61. The immunogenic composition of claim 59 further comprising at least one antigen of a pathogen other than mumps virus.

62. The immunogenic composition of claim 61 wherein the at least one antigen of a pathogen other than mumps virus is an attenuated RNA virus.

63. The immunogenic composition of claim 62, where the attenuated RNA virus is selected from measles virus, rubella virus, varicella zoster virus, parainfluenza virus, and respiratory syncitial virus.

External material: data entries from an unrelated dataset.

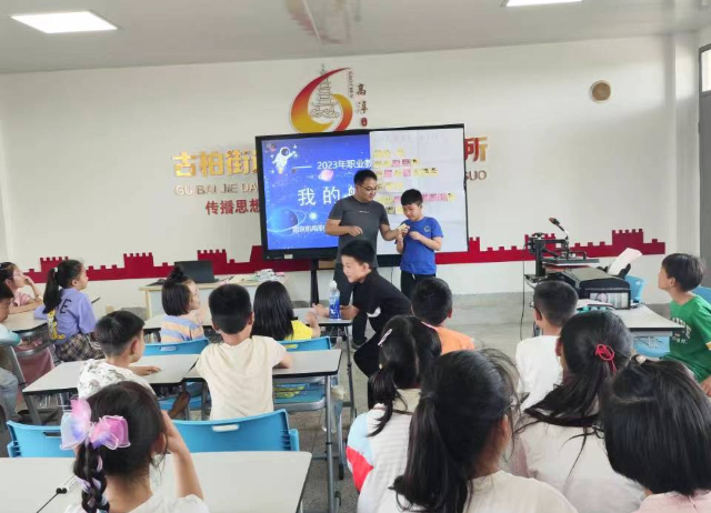 为全面展示我校职业教育的办学特色,营造全社会关注职业教育、重视职业教育的良好氛围,我校于5月28日在高淳区古柏小学开展2023年职业教育创新周活动。本次活动由开云手机官方版页面登录入口主办,高淳区古柏小学承办,古柏小学、宝塔小学、滨湖小学等共6个班学生参加了本次活动。活动以“我的航天梦”为主题,由蓝岛创客空间主任王国珍带队,蓝岛创客空间教师黄克瑶、候俊、朱妍焘以及双创班的学生共同前往。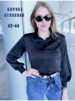 Блузка рубашка укороченная атласная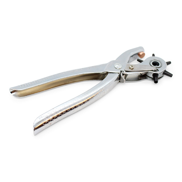 Finally, a hole puncher that's easy on the hands! This ergonomically designed punching plier is perfect for those of us who don't have superhuman strength. This plier is designed to fit snugly in your hand, so you can punch clean holes with ease - using much less hand strength than other punchers on the market. With a revolving punch head, you can quickly and easily choose the size of hole you need to punch. Perfect for home hobbyists or commercial use, this punch plier is a must-have tool for anyone who needs to put holes in belts! Six different sizes make it great for home hobbyists or professional use.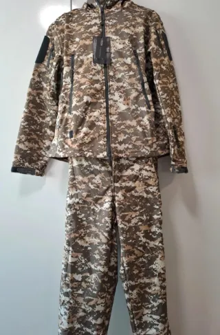 Conjunto táctico de camuflaje tipo softshell. Pantalon y chaqueta. 2XL nuevos. - Multibolsillos. - Chaqueta con capucha enrollable y cremallera frontal. Bolsillo lumbar. - Pantalones a juego. - Diseño de camuflaje pixelado en tonos tierra.

64. The immunogenic composition of claim 61, wherein the at least one antigen of a pathogen other than mumps virus is produced recombinantly.

65. The immunogenic composition of claim 64, wherein the at least one antigen of a pathogen other than mumps virus is expressed from the recombinantly produced attenuated mumps virus.

66. A plasmid comprising the nucleic acid of claim 47.

67. A host cell comprising the plasmid of claim 66.

68. A pharmaceutical composition comprising an isolated recombinant virus of claim 57, and a physiologically acceptable carrier.